Lay summary: Renal tumors are frequently discovered incidentally because of the increased use of medical imaging, but it is challenging to identify which aggressive tumors should be treated. A new metabolic imaging technique was applied to noninvasively predict renal tumor aggressiveness. The imaging results were compared with tumor samples taken during surgery and showed a trend toward differentiating between low-grade and high-grade clear cell renal cell carcinomas, which are the most common type of renal cancers.

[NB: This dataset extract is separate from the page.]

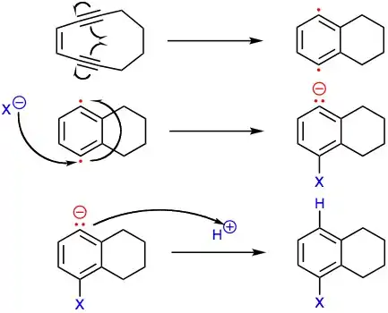 - 1 2 Perrin, Charles L.; Rodgers, Betsy L.; O'Connor, Joseph M. (2007). "Nucleophilic Addition to a p-Benzyne Derived from an Enediyne: A New Mechanism for Halide Incorporation into Biomolecules". Journal of the American Chemical Society. 129 (15): 4795–4799. doi:10.1021/ja070023e. PMID 17378569.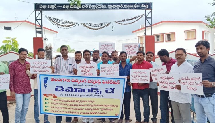 Journalists should be granted houses: జర్నలిస్టులకు ఇళ్ల స్థలాలు ఇల్లు మంజూరు చేయాలని తెలంగాణ వర్కింగ్ జర్నలిస్టు ఫెడరేషన్ జిల్లా అధ్యక్షులు గణపురం మహేష్ డిమాండ్ చేశారు. రాష్ట్ర కమిటీ పిలుపు మేరకు సోమవారం కలెక్టరేట్ కార్యాలయం ఎదుట సంఘం జాతీయ కౌన్సిల్ సభ్యుడు సురేందర్ రావు, ప్రధాన కార్యదర్శి రాజశేఖర్ తో కలిసి నిరసన కార్యక్రమం నిర్వహించారు. అనంతరం జిల్లా కలెక్టర్ రాహుల్ రాజ్ కు వినతిపత్రం అందజేశారు. ఈ సందర్భంగా వారు మాట్లాడుతూ తెలంగాణ రాష్ట్ర ఆవిర్భావం తర్వాత జర్నలిస్టులకు ఇళ్ల సలాలు మంజూరు చేయలేదని ఆవేదన వ్యక్తం చేశారు. దీనివల్ల అనేక మంది పేద జర్నలిస్టులు ఇబ్బంది పడుతున్నారన్నారు. వెంటనే అర్హులైన జర్నలిస్టులకు ఇళ్ల స్థలాలు ఇండ్లు మంజూరు చేయాలని డిమాండ్ చేశారు. ప్రస్తుతం జర్నలిస్టులకు ఇస్తున్న బస్సు పాస్ కూడా పూర్తిస్థాయిలో వర్తించడం లేదన్నారు. రైల్వేపాస్, బస్పాస్ 100 శాతం రాయితీ వర్తించేలా ఉత్తర్వులు జారీ చేయాలని డిమాండ్ చేశారు. జర్నలిస్టు కుటుంబ సభ్యులకు ఆర్టీసీ బస్సు రాయితీ వర్తింపచేయాలన్నారు. జర్నలిస్టులకు “జర్నలిస్ట్ బంద్ పథకం” ప్రవేశపెట్టాలని డిమాండ్ చేశారు. టోల్ గేటు ఫీజ్ నుండి జర్నలిస్టులకు మినహాయింపు ఇవ్వాలన్నారు. రద్దు చేసిన రైల్వే పాసులను కేంద్ర ప్రభుత్వం వెంటనే పునరుద్ధరించాలని డిమాండ్ చేశారు. చిన్న పత్రికలకు అక్రిడేషన్ కార్డులు మంజూరు చేయడంతో పాటు, ప్రభుత్వం ఇస్తున్న వ్యాపార ప్రకటనల్లో ప్రాధాన్యత ఇవ్వాలని కోరారు. ఈ కార్యక్రమంలో సంఘం రాష్ట్ర కౌన్సిల్ సభ్యుడు నీలి సతీష్, ఉపాధ్యక్షుడు ప్రకాష్, ట్రెజరర్ కృష్ణ మోహన్ గౌడ్, సభ్యులు శ్రీకాంత్, అవినాష్, కె. వేణుగోపాల్, విష్ణు గౌడ్, ఎండి ఇసాక్, విష్ణు, లలిత్ కుమార్, శ్రీనివాస్, మీర్జా జలీల్, బాల శ్రీనివాస్, నాగేందర్, బాలాజీ, రవి, రాజేశ్వర్, శ్రీధర్, జానకిరామ్, ఐజేయు నాయకులు అడప సతీష్, బిక్కాజీ తదితరులు పాల్గొన్నారు.

Keywords: hyperpolarized 13C; lactate; magnetic resonance imaging; molecular; pyruvate; renal cell carcinoma.

Figure 1.

This schematic illustrates the pyruvate-to-lactate metabolic pathway with relevant transporter and enzyme in renal tumors and the information that hyperpolarized ¹³C pyruvate magnetic resonance imaging provides. LDH indicates lactate dehydrogenase; MCT, monocarboxylase transporter.

Figure 2.

Representative hyperpolarized ¹³C pyruvate magnetic resonance images are shown from a man aged 41 years who had 5.8-cm, grade 4 renal cell carcinoma. (A) Area under the curve (AUC) and (B) dynamic images acquired every 4 seconds show a left kidney tumor with increased pyruvate, lactate, and alanine signals compared with adjacent normal parenchyma. The AUC images also show intratumoral metabolic heterogeneity. In the AUC images, the signal-to-noise-ratios of the tumor are 119 for pyruvate, 18 for lactate, and 5.2 for alanine. ROI indicates region of interest.

Figure 3.

These are area under the curve (AUC) images from hyperpolarized ¹³C pyruvate magnetic resonance imaging of patients with high-grade (grade 3 and grade 4) clear cell renal cell carcinomas. Tumor AUC values were normalized to AUC values of the adjacent normal parenchyma for each metabolite. Lactate-to-pyruvate ratios were calculated using the normalized AUC signals. All images are displayed using the same color scale. ROI indicates region of interest.

Figure 4.

These are area under the curve (AUC) images from hyperpolarized ¹³C pyruvate magnetic resonance imaging of patients with low-grade (grade 2) clear cell renal cell carcinomas. Tumor AUC values were normalized to AUC values of the adjacent normal parenchyma for each metabolite. Lactate-to-pyruvate ratios were calculated using the normalized AUC signals. All images are displayed using the same color scale. ROI indicates region of interest.

Figure 5.

These area under the curve (AUC) images from hyperpolarized ¹³C pyruvate magnetic resonance imaging of patients with chromophobe renal cell carcinomas. Tumor AUC values were normalized to AUC values of the adjacent normal parenchyma for each metabolite. Lactate-to-pyruvate ratios were calculated using the normalized AUC signals. All images are displayed using the same color scale. ROI indicates region of interest.

Figure 6.

The mean and maximum tumor lactate-to-pyruvate ratio is illustrated in 8 patients stratified by tumor histology and grade. The lactate-to-pyruvate ratios are the ratios between the normalized lactate area under the curve values and the normalized pyruvate area under the curve values, Charts depict (A) the mean tumor lactate-to-pyruvate ratio (mean of the lactate-to-pyruvate ratios when averaging all voxels for each tumor) and (B) the maximum lactate-to-pyruvate ratio for each tumor. There is a trend toward higher pyruvate-to-lactate ratio in high-grade (grade 3 and 4) clear cell renal cell carcinomas (ccRCCs) compared with low-grade (grade 2) ccRCCs. Both chromophobe RCCs demonstrate relatively high mean tumor lactate-to-pyruvate ratios; the chromophobe RCC with the highest lactate-to-pyruvate ratio also had a pathologic finding of microscopic necrosis, which has been associated with aggressive biology.